MATERIAL TO PROCESS below:

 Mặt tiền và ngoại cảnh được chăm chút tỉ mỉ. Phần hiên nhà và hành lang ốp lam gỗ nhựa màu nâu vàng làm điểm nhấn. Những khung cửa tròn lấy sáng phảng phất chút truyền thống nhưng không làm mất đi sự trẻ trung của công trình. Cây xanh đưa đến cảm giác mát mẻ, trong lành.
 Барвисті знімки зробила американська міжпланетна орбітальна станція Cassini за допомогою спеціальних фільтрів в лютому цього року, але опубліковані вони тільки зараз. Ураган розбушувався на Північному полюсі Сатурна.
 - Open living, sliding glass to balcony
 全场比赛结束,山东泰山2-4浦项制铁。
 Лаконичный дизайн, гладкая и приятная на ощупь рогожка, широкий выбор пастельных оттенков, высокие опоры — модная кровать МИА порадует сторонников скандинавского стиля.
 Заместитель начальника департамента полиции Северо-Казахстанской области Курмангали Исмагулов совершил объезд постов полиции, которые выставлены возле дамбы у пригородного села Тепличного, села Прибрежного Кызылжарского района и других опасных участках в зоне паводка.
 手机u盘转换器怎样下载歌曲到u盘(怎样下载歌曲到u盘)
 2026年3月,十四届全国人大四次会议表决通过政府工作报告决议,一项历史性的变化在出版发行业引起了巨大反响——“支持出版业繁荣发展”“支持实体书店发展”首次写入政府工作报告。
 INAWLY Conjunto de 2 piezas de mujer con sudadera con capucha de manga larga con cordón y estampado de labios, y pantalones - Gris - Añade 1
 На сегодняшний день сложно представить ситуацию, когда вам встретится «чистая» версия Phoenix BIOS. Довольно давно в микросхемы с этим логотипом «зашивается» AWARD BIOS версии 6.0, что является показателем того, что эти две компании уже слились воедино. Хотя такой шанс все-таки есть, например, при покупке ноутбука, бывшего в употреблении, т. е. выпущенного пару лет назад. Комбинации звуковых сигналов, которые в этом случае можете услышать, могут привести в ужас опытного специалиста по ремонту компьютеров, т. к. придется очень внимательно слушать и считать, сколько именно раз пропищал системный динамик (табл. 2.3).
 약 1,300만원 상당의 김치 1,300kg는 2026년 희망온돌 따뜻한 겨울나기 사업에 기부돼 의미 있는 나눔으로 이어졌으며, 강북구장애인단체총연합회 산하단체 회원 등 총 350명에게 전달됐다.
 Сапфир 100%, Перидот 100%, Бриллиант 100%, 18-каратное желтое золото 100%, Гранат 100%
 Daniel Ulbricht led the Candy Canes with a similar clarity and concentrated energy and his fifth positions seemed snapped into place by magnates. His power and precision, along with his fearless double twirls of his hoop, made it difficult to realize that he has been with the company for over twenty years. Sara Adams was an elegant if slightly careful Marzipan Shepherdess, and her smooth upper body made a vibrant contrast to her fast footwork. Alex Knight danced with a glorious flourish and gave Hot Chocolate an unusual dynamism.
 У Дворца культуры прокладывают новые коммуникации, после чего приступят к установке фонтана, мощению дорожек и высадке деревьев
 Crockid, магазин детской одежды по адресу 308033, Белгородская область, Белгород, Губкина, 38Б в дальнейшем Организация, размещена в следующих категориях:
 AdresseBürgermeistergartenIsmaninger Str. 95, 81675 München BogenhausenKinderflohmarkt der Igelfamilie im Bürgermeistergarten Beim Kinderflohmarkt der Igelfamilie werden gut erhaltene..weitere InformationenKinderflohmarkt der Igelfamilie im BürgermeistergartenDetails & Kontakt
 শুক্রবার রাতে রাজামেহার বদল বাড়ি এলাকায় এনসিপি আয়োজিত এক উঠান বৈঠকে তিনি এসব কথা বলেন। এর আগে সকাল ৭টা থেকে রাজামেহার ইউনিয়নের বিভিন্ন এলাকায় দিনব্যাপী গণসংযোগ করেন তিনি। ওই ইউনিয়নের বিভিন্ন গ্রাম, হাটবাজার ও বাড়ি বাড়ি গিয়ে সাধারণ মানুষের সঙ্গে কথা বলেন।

End of MATERIAL TO PROCESS.

(EXERCISE OBJECTIVE):
The answer must be every record above, repeated exactly as written.

(RESPONSE):
 Mặt tiền và ngoại cảnh được chăm chút tỉ mỉ. Phần hiên nhà và hành lang ốp lam gỗ nhựa màu nâu vàng làm điểm nhấn. Những khung cửa tròn lấy sáng phảng phất chút truyền thống nhưng không làm mất đi sự trẻ trung của công trình. Cây xanh đưa đến cảm giác mát mẻ, trong lành.
 Барвисті знімки зробила американська міжпланетна орбітальна станція Cassini за допомогою спеціальних фільтрів в лютому цього року, але опубліковані вони тільки зараз. Ураган розбушувався на Північному полюсі Сатурна.
 - Open living, sliding glass to balcony
 全场比赛结束,山东泰山2-4浦项制铁。
 Лаконичный дизайн, гладкая и приятная на ощупь рогожка, широкий выбор пастельных оттенков, высокие опоры — модная кровать МИА порадует сторонников скандинавского стиля.
 Заместитель начальника департамента полиции Северо-Казахстанской области Курмангали Исмагулов совершил объезд постов полиции, которые выставлены возле дамбы у пригородного села Тепличного, села Прибрежного Кызылжарского района и других опасных участках в зоне паводка.
 手机u盘转换器怎样下载歌曲到u盘(怎样下载歌曲到u盘)
 2026年3月,十四届全国人大四次会议表决通过政府工作报告决议,一项历史性的变化在出版发行业引起了巨大反响——“支持出版业繁荣发展”“支持实体书店发展”首次写入政府工作报告。
 INAWLY Conjunto de 2 piezas de mujer con sudadera con capucha de manga larga con cordón y estampado de labios, y pantalones - Gris - Añade 1
 На сегодняшний день сложно представить ситуацию, когда вам встретится «чистая» версия Phoenix BIOS. Довольно давно в микросхемы с этим логотипом «зашивается» AWARD BIOS версии 6.0, что является показателем того, что эти две компании уже слились воедино. Хотя такой шанс все-таки есть, например, при покупке ноутбука, бывшего в употреблении, т. е. выпущенного пару лет назад. Комбинации звуковых сигналов, которые в этом случае можете услышать, могут привести в ужас опытного специалиста по ремонту компьютеров, т. к. придется очень внимательно слушать и считать, сколько именно раз пропищал системный динамик (табл. 2.3).
 약 1,300만원 상당의 김치 1,300kg는 2026년 희망온돌 따뜻한 겨울나기 사업에 기부돼 의미 있는 나눔으로 이어졌으며, 강북구장애인단체총연합회 산하단체 회원 등 총 350명에게 전달됐다.
 Сапфир 100%, Перидот 100%, Бриллиант 100%, 18-каратное желтое золото 100%, Гранат 100%
 Daniel Ulbricht led the Candy Canes with a similar clarity and concentrated energy and his fifth positions seemed snapped into place by magnates. His power and precision, along with his fearless double twirls of his hoop, made it difficult to realize that he has been with the company for over twenty years. Sara Adams was an elegant if slightly careful Marzipan Shepherdess, and her smooth upper body made a vibrant contrast to her fast footwork. Alex Knight danced with a glorious flourish and gave Hot Chocolate an unusual dynamism.
 У Дворца культуры прокладывают новые коммуникации, после чего приступят к установке фонтана, мощению дорожек и высадке деревьев
 Crockid, магазин детской одежды по адресу 308033, Белгородская область, Белгород, Губкина, 38Б в дальнейшем Организация, размещена в следующих категориях:
 AdresseBürgermeistergartenIsmaninger Str. 95, 81675 München BogenhausenKinderflohmarkt der Igelfamilie im Bürgermeistergarten Beim Kinderflohmarkt der Igelfamilie werden gut erhaltene..weitere InformationenKinderflohmarkt der Igelfamilie im BürgermeistergartenDetails & Kontakt
 শুক্রবার রাতে রাজামেহার বদল বাড়ি এলাকায় এনসিপি আয়োজিত এক উঠান বৈঠকে তিনি এসব কথা বলেন। এর আগে সকাল ৭টা থেকে রাজামেহার ইউনিয়নের বিভিন্ন এলাকায় দিনব্যাপী গণসংযোগ করেন তিনি। ওই ইউনিয়নের বিভিন্ন গ্রাম, হাটবাজার ও বাড়ি বাড়ি গিয়ে সাধারণ মানুষের সঙ্গে কথা বলেন।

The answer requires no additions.